Normalizing an array by its L2 norm (also known as the Euclidean norm) scales the array elements so that the square root of the sum of the squares is 1. This type of normalization is popular in vector space models in machine learning and maintains the direction of the original array.

Here’s an example:

import numpy as np

arr = np.array([2, 4, 6, 8, 10])
l2_norm = np.sqrt(np.sum(np.square(arr)))
normalized_arr = arr / l2_norm
print(normalized_arr)

Output:

[0.10910895 0.21821789 0.32732684 0.43643578 0.54554473]

In this code, the L2 norm is computed by summing the squares of the array elements, taking the square root of this sum, and then dividing each element by the result. The normalized array maintains its original direction but the norm of the vector becomes 1.

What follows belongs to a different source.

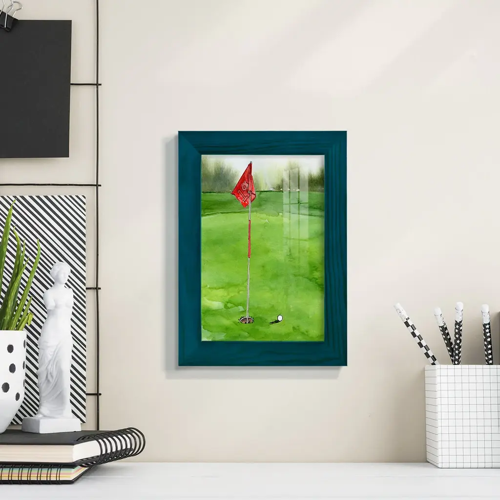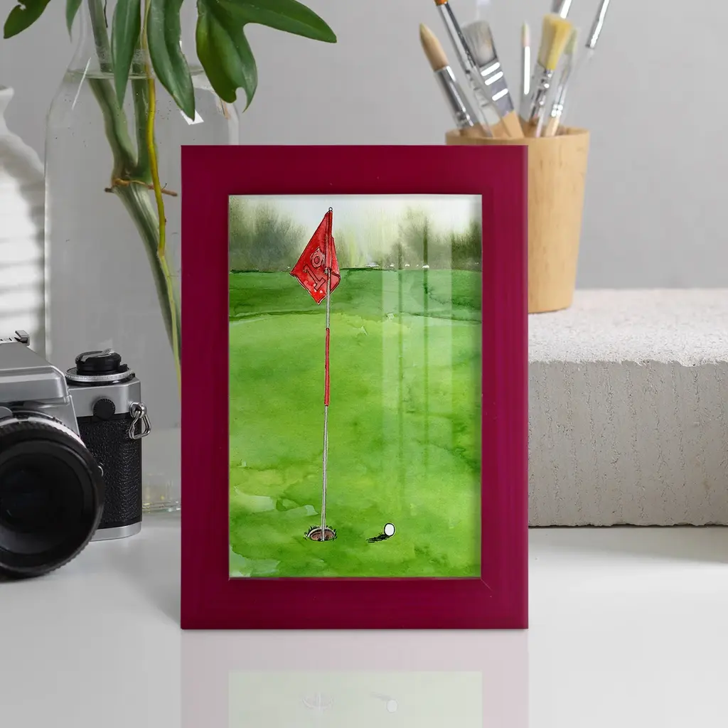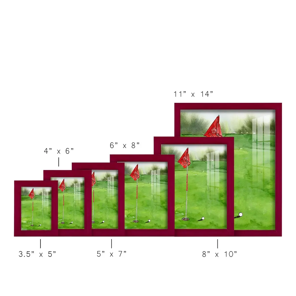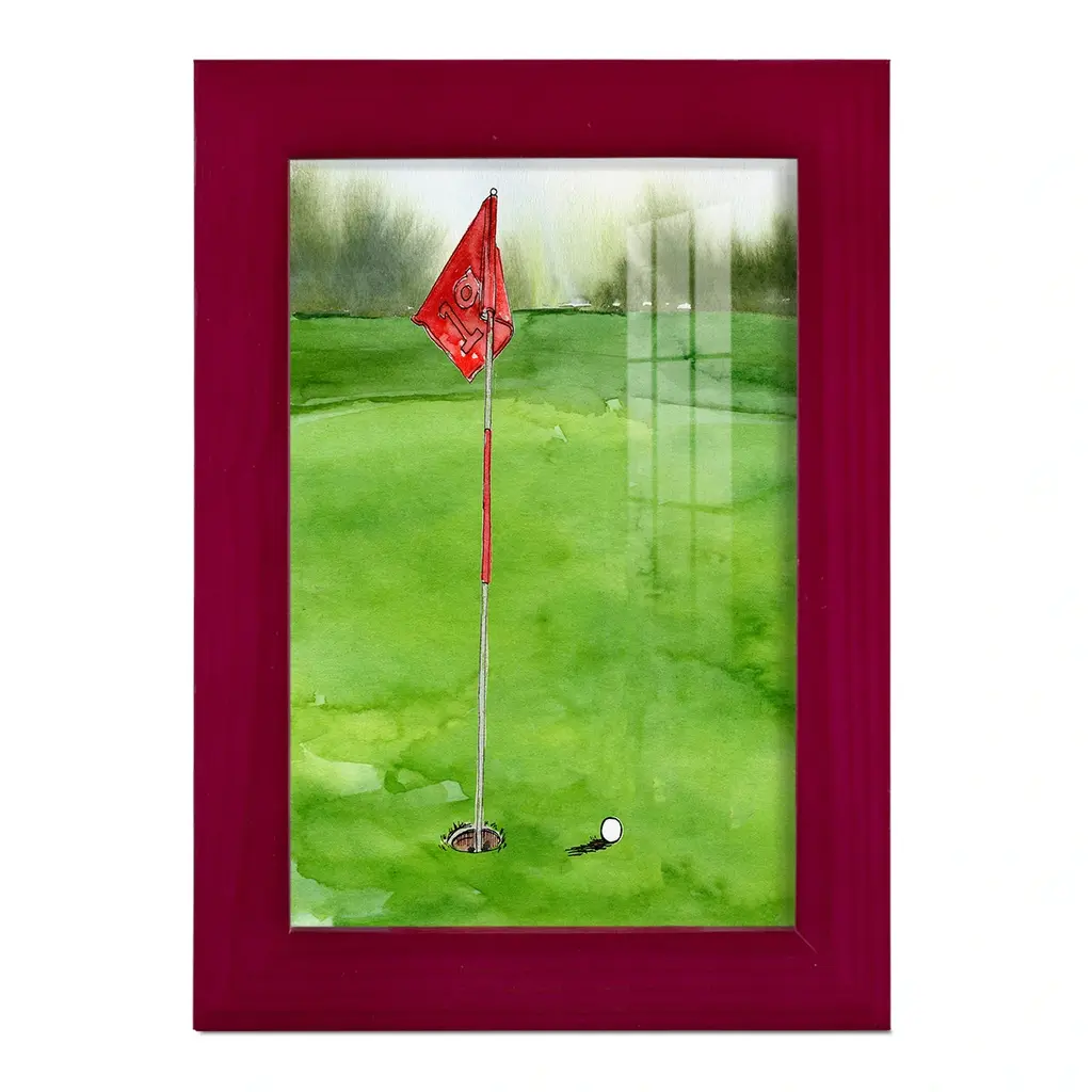 Tee Off Time I -EZ SWITCH Framed Print w/glass-Cherry Red A delightful, framed print. Featuring a solid wood frame with real wood glass. This premium print is giclee quality. In addition, every frame features a removable back and table top stand. This allows you to change your art in the future or to just stand the art on a table for a new look. We are sure you'll enjoy our new series of EZ SWITCH Framed Art. Solid Wood Frame Real Glass Removable / Replaceable Art Built in Tabletop Stand Sizes range from 4x6 up to 12x15 - buy just one or pair them up as sets as you see fit.
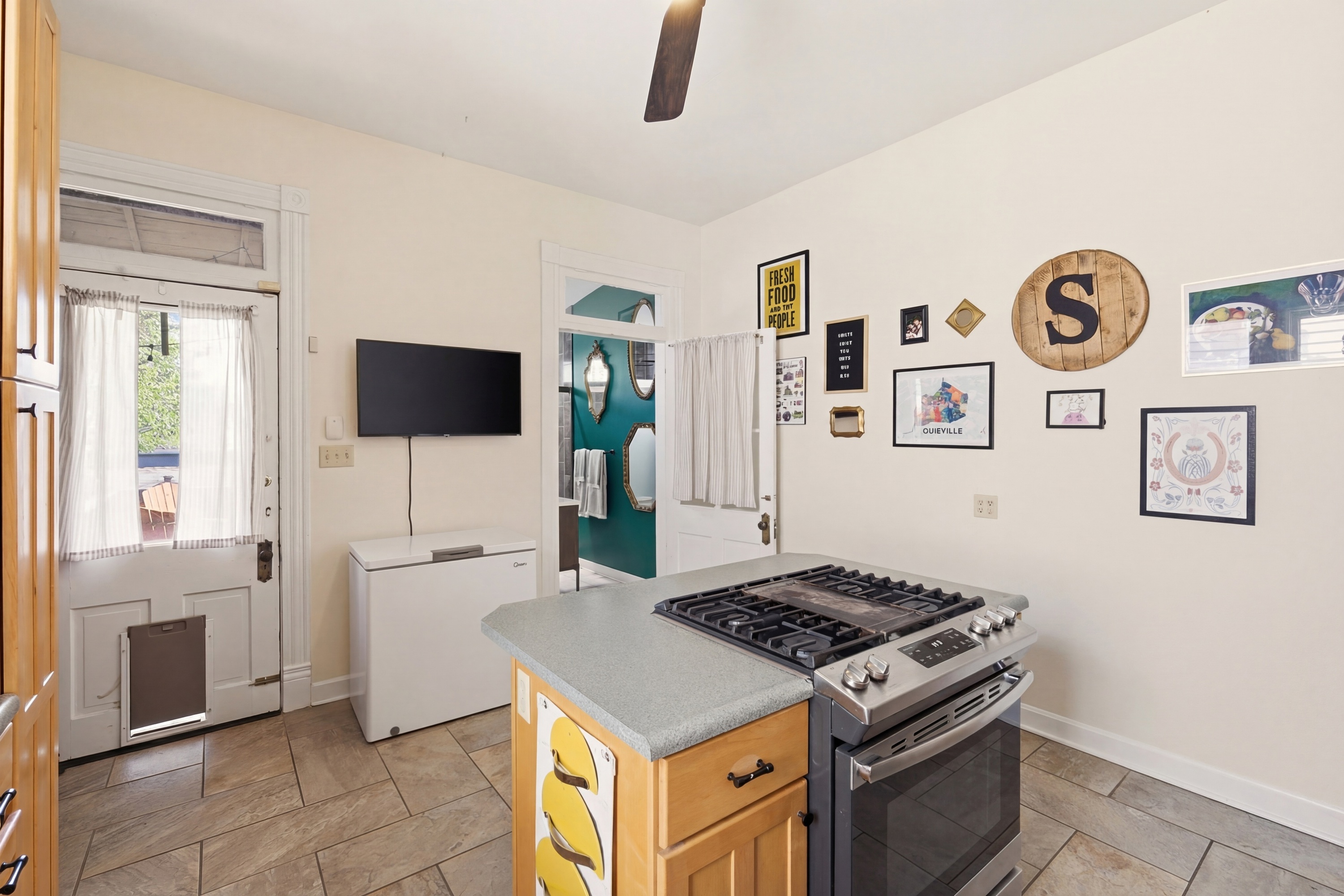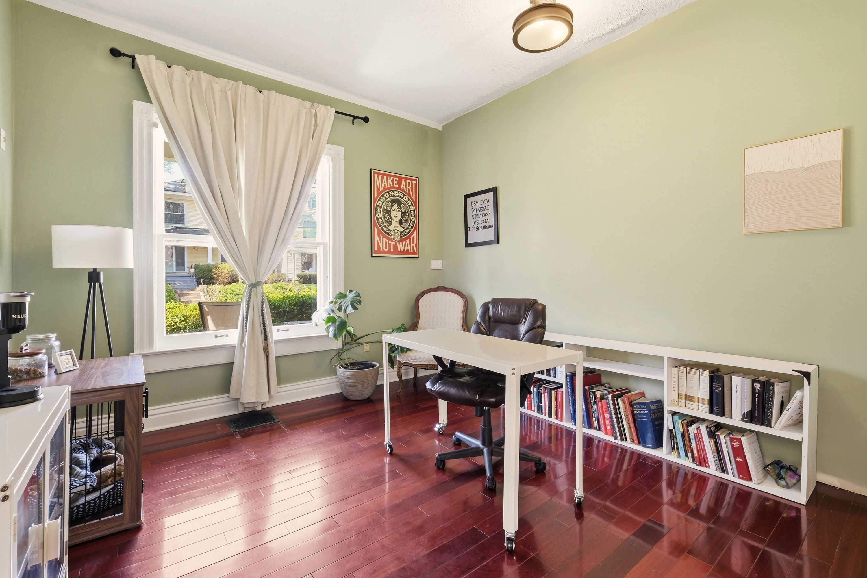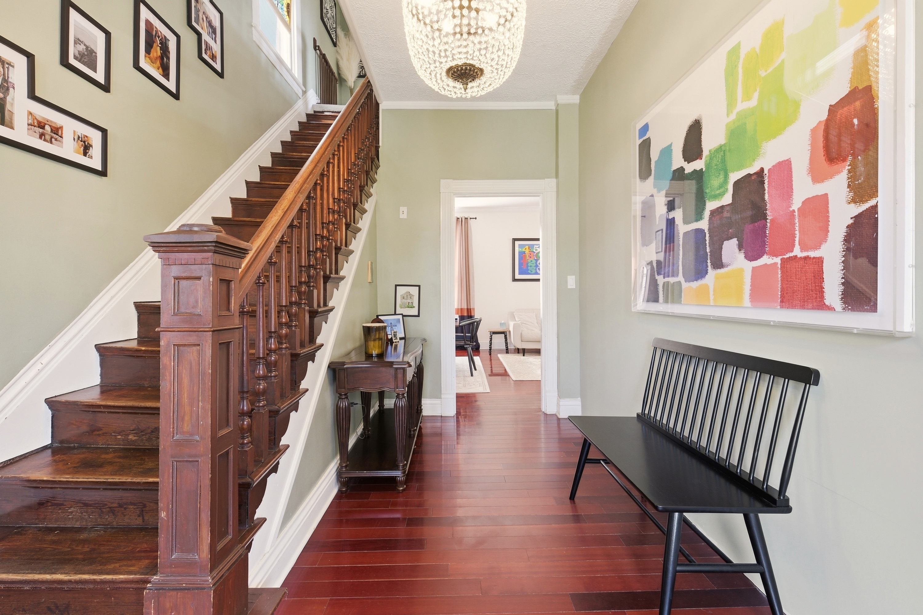 This Highlands home truly has it all. Ideally located between Bardstown Road and Tyler Park, it sits in one of Louisville's most sought-after areas. The current owners thoughtfully renovated the home to include a first-floor bedroom, now used as a home office. Featuring three bedrooms and two full bathrooms, the home offers spacious rooms filled with natural light from large windows. Brazilian cherry hardwood floors run through the entryway, living room, and first-floor bedroom. The staircase and landing have been recently carpeted, while the upstairs bedrooms showcase classic wood parquet flooring. Conveniently, the laundry is also located on the second floor. The kitchen provides ample cabinet space and storage. Just off the kitchen, you'll find a covered porch and deck that overlook a fully fenced backyard. A newly added fish pond creates a peaceful, relaxing setting—perfect for unwinding at the end of the day.

Bonus One-Liner Method 5: Using NumPy’s ptp Function

Utilizing NumPy’s ptp function lets you compact normalizing into a one-liner. ptp stands for “peak-to-peak”, and it returns the range of values along an axis, which can be used to normalize the array.

Here’s an example:

import numpy as np

arr = np.array([2, 4, 6, 8, 10])
normalized_arr = (arr - arr.min()) / np.ptp(arr)
print(normalized_arr)

Output:

[0.   0.25 0.5  0.75 1.  ]

This snippet shows a concise way to normalize an array. The ptp function finds the range (max – min) of the array, which is used in the denominator to scale the elements after the minimum value has been subtracted from them.

Summary/Discussion

  • Method 1: Min-Max Scaling. Simple concept and widely used. Might not handle outliers well.
  • Method 2: NumPy interpolate Method. Very concise. Less transparent than method 1 for those unfamiliar with interpolation functions.
  • Method 3: Division by L1 Norm. Useful when the sum of values is relevant. Does not scale into 0-1 range explicitly.
  • Method 4: Division by L2 Norm. Preserves vector direction. Does not scale into 0-1 range explicitly. Assumes importance of Euclidean norm.
  • Method 5: Using NumPy’s ptp Function. Extremely concise. Essentially equivalent to Min-Max Scaling but uses a built-in function for the range of values.